_WHAT IS BEING ASKED_
Leaving out only the pictures, write out all the entries exactly.

>>>

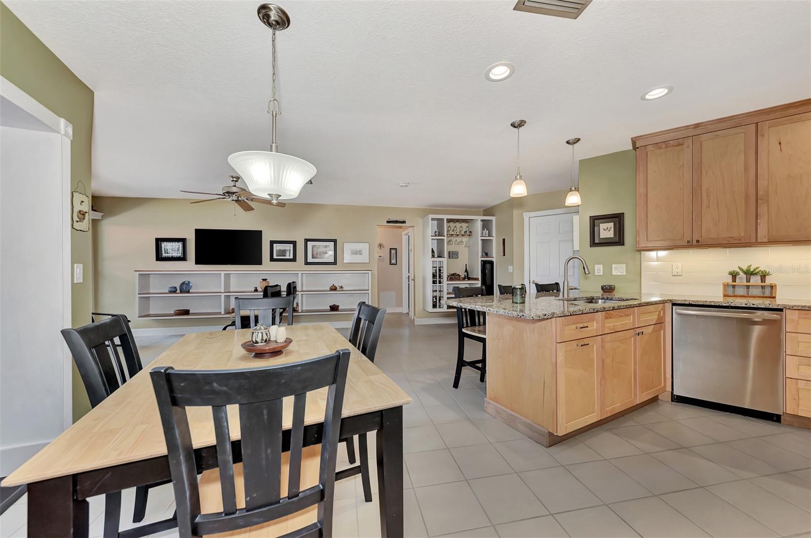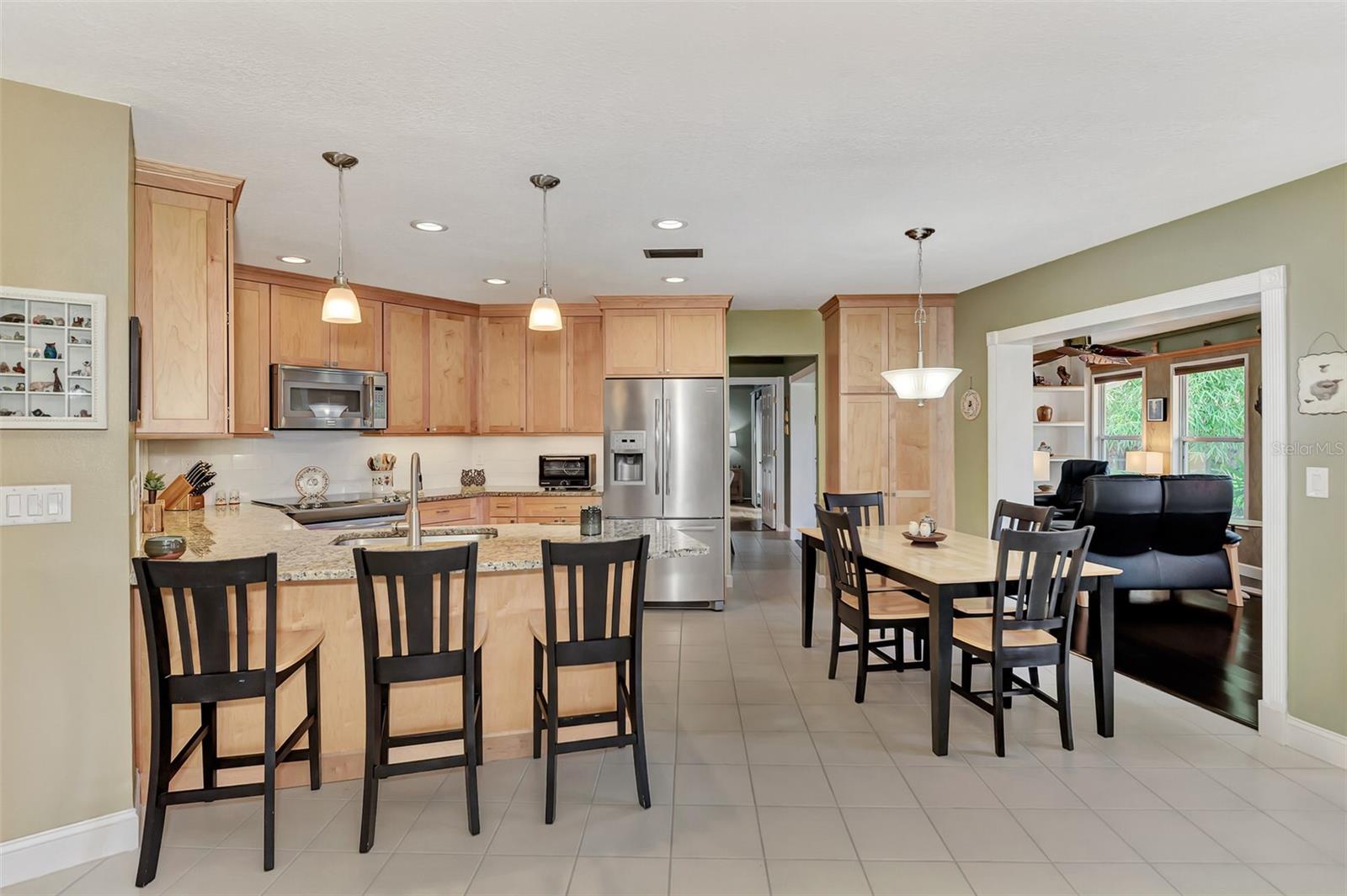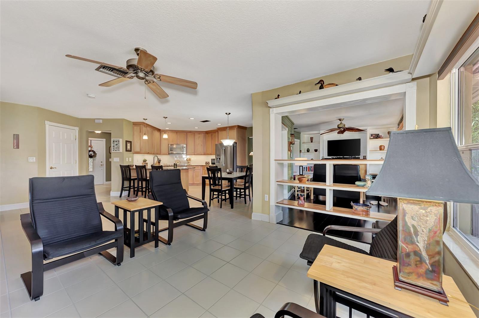 Location, location, location! This beautifully maintained quiet Cul-de-Sac home in the desirable Center Gate area is fully updated and ready for you! Move right in and start cooking in your new updated kitchen. This home is well laid out for entertaining inside and out. The dry bar in the family room has under cabinet lighting and a wine refrigerator. The open concept kitchen has stainless steel appliances and granite counter tops. The solid wood maple cabinetry has soft close doors and drawers. There are many lighting options in the kitchen and all are dimmable, including the under cabinet lighting. The breakfast bar adds additional seating to this eat-in kitchen. There is a primary bedroom with an en suite bath with double granite vanities and a walk in shower. There are two additional bedrooms and a full bathroom with a no barrier tile shower. There is a separate entry foyer, living room with dining room. The Florida room has a Dimplex electric fireplace to keep you cozy and built in bookshelves. The laundry room has a high vanity with granite top and is right off the garage. The roof is 2017 and the warranty transfers to the new owner. The utilities are underground. The garage has a 220v sub panel which is great for charging your EV or for your workshop, it also has wood cabinets and heavy duty shelving for storage. The property has a private and nicely landscaped fenced backyard with a large deck which is prewired with 220v power for a spa or pool. Minutes to shopping and recreation. As-is sale.
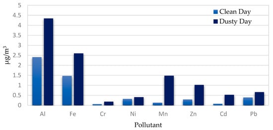 Figure 14 shows the average of the metals in the air particles in clean and dusty days that contain Al, Fe, Cr, Ni, Mn, Zn, Cd, and Pb. As shown in Figure 15, most of the particles in clean and dusty days are Al and Fe, but sampling carried out on dusty days indicates that the pollutants in the air have increased from 1.2 to 11.38 times. The remarkable point is that the highest change is related to Mn and Cd metals, which increased by 11.38 and 6.62 times, respectively. It is noted that, the least increase was 1.2 times that of Ni metal.
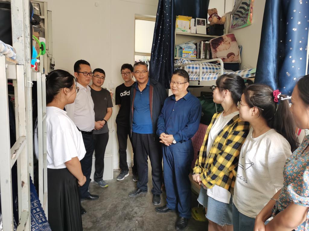 每到一个宿舍,领导们都仔细地查看员工宿舍情况,关切地询问同学们返校过程及返校后的学习生活情况等,叮嘱同学们抓紧复习,尽快进入紧张的学习状态,同时要注意疫情防控,避免感冒发烧,有问题要及时向班主任辅导员反映,并及时报告健康情况。
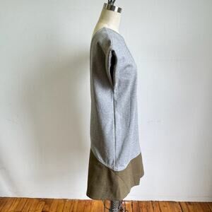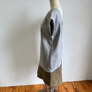 Details: New with Tags from NYC-based multi-disciplinary art platform and fashion label Cocurata, this gray and olive green drop waist dress features textured, geometric zen embroidery stitching throughout. This garment is structured and has two large pleats in the skirt as well as rolled cap sleeves and a low cut open back. Add some art to your closet!
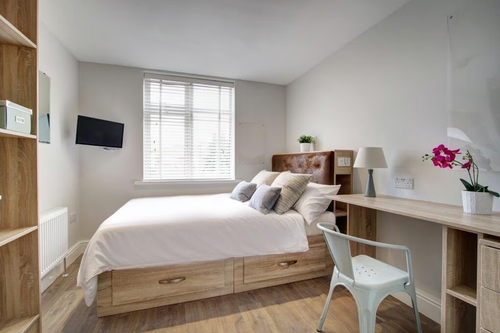 The 8 bedroom student flat at Park View, just a short distance away from the NTU campus has a huge amount of space for all 8 tenants. The open plan living and kitchen area has a central breakfast bar with high stools and has a huge corner sofa set in front of a large flat screen TV. Each of the 8 bedrooms has a double bed, a desk with a chair and plenty of storage space. This flat also comes with WiFi. This stunning student flat is at an incredible location as everything you could possibly need is within walking distance, so you can get the most out of your university experience. With Nottingham Trent University just a 5 minute walk away; making it to those 9am lectures will never be a problem again. In just 6 minutes you’ll reach intu Victoria Centre which is home to every store you’ll ever need, ideal for some fresh air after hours of studying.
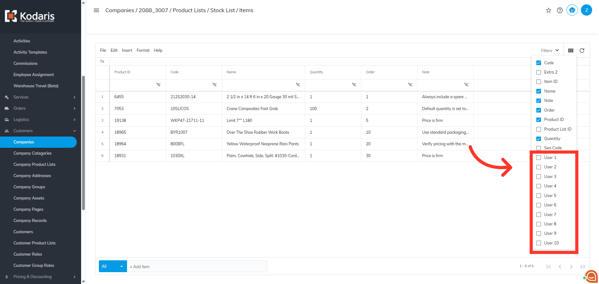 To view user fields on product lists, navigate to the "CRM" section in the Operation Portal.
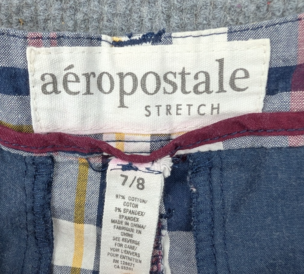 Brand: Aéropostale Type: Casual Shorts Size: 7/8 Color: Blue / White / Red / Yellow Pattern: Plaid Material: 97% Cotton, 3% Spandex Closure: Button & Zip Fly Features: Stretch Fabric, Belt Loops, Side Pockets, Folded Hem Made In: China Condition: Pre-owned, excellent condition with no stains or damage
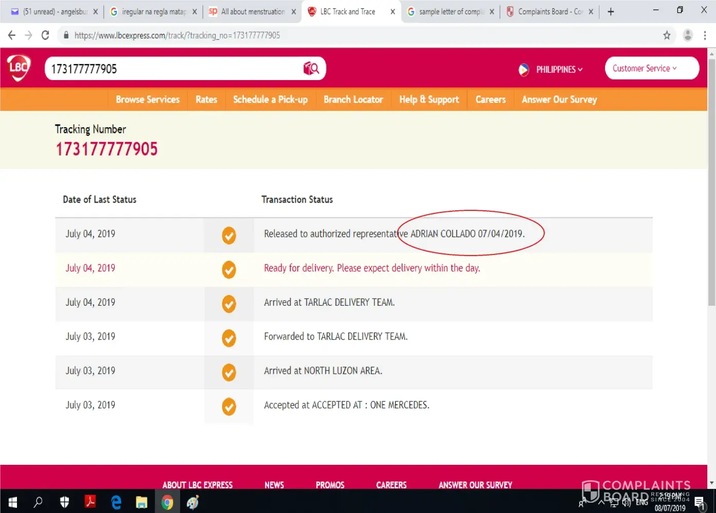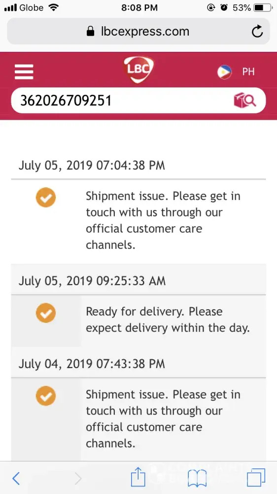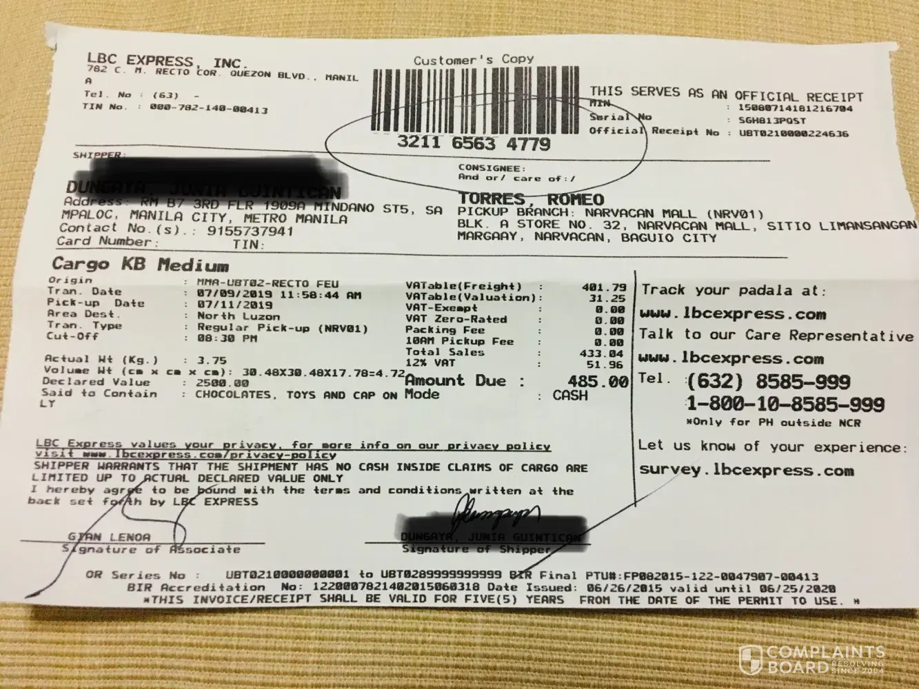 This happened twice already. I hope you check on this bec. I worked in a very known company in the Philippines and our documents were important to us to deliver on time. Please check all your delivery man if they work base on your policy in LBC.
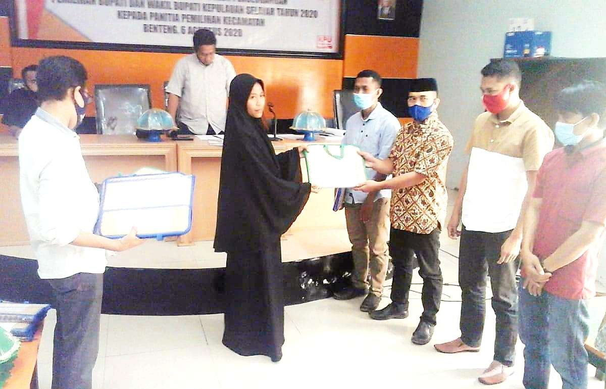 Berkas dukungan perbaikan bakal pasangan calon (bapaslon) perseorangan pemilihan calon Bupati dan Wakil Bupati Kepulauan Selayar tahun 2020 yang beberapa malam lalu telah ditetapkan secara resmi melalui rapat pleno terbuka hasil verifikasi administrasi, Kamis (06/08/2020) siang diserahkan secara resmi oleh Komisi Pemilihan Umum (KPU) Kabupaten Kepulauan Selayar kepada Panitia Pemilihan Kecamatan (PPK).
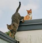 catfriendPIWir sehen hier zwei unterschiedliche Charaktere, der eine mutig und vielleicht etwas tollpatschig, während der andere den entspannten und aufmerksamen Beobachter gibt. Der Moment ist perfekt erwischt, die Bewegung des vorderen Katers macht das Bild lebendig und witzig. Die diagonale Linie des Dachs führt den Blick direkt zur Aktion. Der zweite Kater balanciert das Bild schön aus. Der Himmel könnte mehr Struktur haben und die Schärfe, gerade auf dem Gesicht des vorderen Katers, könnte noch etwas knackiger sein. Aber ein themenkonformes und tolles Bild! Trotzdem kommen jetzt die Kater auch auf die Blacklist.
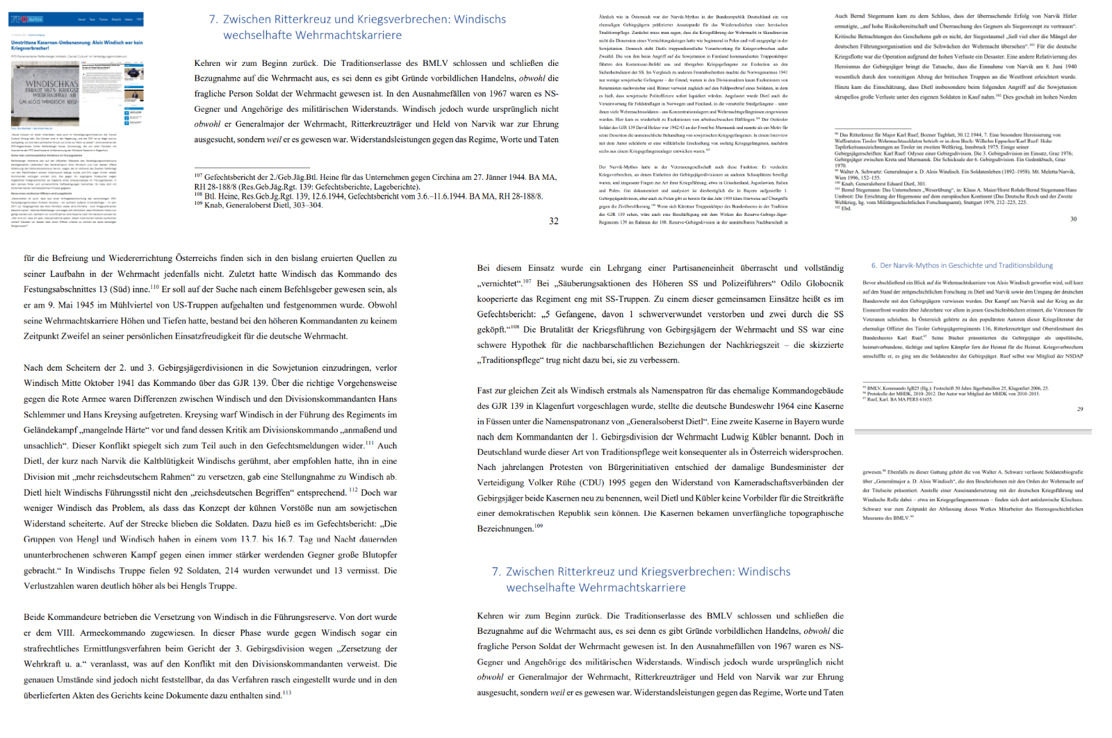 Wie die Rechtfertigung, Eduard Dietl in einem Kapitel auftreten zu lassen, einzig in der österreichischen Gegenwart begründet ist, ist die Rechtfertigung, Alois Windisch in einem Kapitel auftreten zu lassen, einzig in der Gegenwart Österreichs begründet, und diese führt mit Alois Windisch zu einer österreichischen Parlamentspartei mit ihrem zurzeitigen Führer, der formal Obmann genannt wird, der sich eben, das kann so gesagt werden, paramilitärisch plakatieren läßt, als wäre er ein „Festungskommandant“

<<<

_FINAL ANSWER_
 Location, location, location! This beautifully maintained quiet Cul-de-Sac home in the desirable Center Gate area is fully updated and ready for you! Move right in and start cooking in your new updated kitchen. This home is well laid out for entertaining inside and out. The dry bar in the family room has under cabinet lighting and a wine refrigerator. The open concept kitchen has stainless steel appliances and granite counter tops. The solid wood maple cabinetry has soft close doors and drawers. There are many lighting options in the kitchen and all are dimmable, including the under cabinet lighting. The breakfast bar adds additional seating to this eat-in kitchen. There is a primary bedroom with an en suite bath with double granite vanities and a walk in shower. There are two additional bedrooms and a full bathroom with a no barrier tile shower. There is a separate entry foyer, living room with dining room. The Florida room has a Dimplex electric fireplace to keep you cozy and built in bookshelves. The laundry room has a high vanity with granite top and is right off the garage. The roof is 2017 and the warranty transfers to the new owner. The utilities are underground. The garage has a 220v sub panel which is great for charging your EV or for your workshop, it also has wood cabinets and heavy duty shelving for storage. The property has a private and nicely landscaped fenced backyard with a large deck which is prewired with 220v power for a spa or pool. Minutes to shopping and recreation. As-is sale.
 Figure 14 shows the average of the metals in the air particles in clean and dusty days that contain Al, Fe, Cr, Ni, Mn, Zn, Cd, and Pb. As shown in Figure 15, most of the particles in clean and dusty days are Al and Fe, but sampling carried out on dusty days indicates that the pollutants in the air have increased from 1.2 to 11.38 times. The remarkable point is that the highest change is related to Mn and Cd metals, which increased by 11.38 and 6.62 times, respectively. It is noted that, the least increase was 1.2 times that of Ni metal.
 每到一个宿舍,领导们都仔细地查看员工宿舍情况,关切地询问同学们返校过程及返校后的学习生活情况等,叮嘱同学们抓紧复习,尽快进入紧张的学习状态,同时要注意疫情防控,避免感冒发烧,有问题要及时向班主任辅导员反映,并及时报告健康情况。
 Details: New with Tags from NYC-based multi-disciplinary art platform and fashion label Cocurata, this gray and olive green drop waist dress features textured, geometric zen embroidery stitching throughout. This garment is structured and has two large pleats in the skirt as well as rolled cap sleeves and a low cut open back. Add some art to your closet!
 The 8 bedroom student flat at Park View, just a short distance away from the NTU campus has a huge amount of space for all 8 tenants. The open plan living and kitchen area has a central breakfast bar with high stools and has a huge corner sofa set in front of a large flat screen TV. Each of the 8 bedrooms has a double bed, a desk with a chair and plenty of storage space. This flat also comes with WiFi. This stunning student flat is at an incredible location as everything you could possibly need is within walking distance, so you can get the most out of your university experience. With Nottingham Trent University just a 5 minute walk away; making it to those 9am lectures will never be a problem again. In just 6 minutes you’ll reach intu Victoria Centre which is home to every store you’ll ever need, ideal for some fresh air after hours of studying.
 To view user fields on product lists, navigate to the "CRM" section in the Operation Portal.
 Brand: Aéropostale Type: Casual Shorts Size: 7/8 Color: Blue / White / Red / Yellow Pattern: Plaid Material: 97% Cotton, 3% Spandex Closure: Button & Zip Fly Features: Stretch Fabric, Belt Loops, Side Pockets, Folded Hem Made In: China Condition: Pre-owned, excellent condition with no stains or damage
 This happened twice already. I hope you check on this bec. I worked in a very known company in the Philippines and our documents were important to us to deliver on time. Please check all your delivery man if they work base on your policy in LBC.
 Berkas dukungan perbaikan bakal pasangan calon (bapaslon) perseorangan pemilihan calon Bupati dan Wakil Bupati Kepulauan Selayar tahun 2020 yang beberapa malam lalu telah ditetapkan secara resmi melalui rapat pleno terbuka hasil verifikasi administrasi, Kamis (06/08/2020) siang diserahkan secara resmi oleh Komisi Pemilihan Umum (KPU) Kabupaten Kepulauan Selayar kepada Panitia Pemilihan Kecamatan (PPK).
 catfriendPIWir sehen hier zwei unterschiedliche Charaktere, der eine mutig und vielleicht etwas tollpatschig, während der andere den entspannten und aufmerksamen Beobachter gibt. Der Moment ist perfekt erwischt, die Bewegung des vorderen Katers macht das Bild lebendig und witzig. Die diagonale Linie des Dachs führt den Blick direkt zur Aktion. Der zweite Kater balanciert das Bild schön aus. Der Himmel könnte mehr Struktur haben und die Schärfe, gerade auf dem Gesicht des vorderen Katers, könnte noch etwas knackiger sein. Aber ein themenkonformes und tolles Bild! Trotzdem kommen jetzt die Kater auch auf die Blacklist.
 Wie die Rechtfertigung, Eduard Dietl in einem Kapitel auftreten zu lassen, einzig in der österreichischen Gegenwart begründet ist, ist die Rechtfertigung, Alois Windisch in einem Kapitel auftreten zu lassen, einzig in der Gegenwart Österreichs begründet, und diese führt mit Alois Windisch zu einer österreichischen Parlamentspartei mit ihrem zurzeitigen Führer, der formal Obmann genannt wird, der sich eben, das kann so gesagt werden, paramilitärisch plakatieren läßt, als wäre er ein „Festungskommandant“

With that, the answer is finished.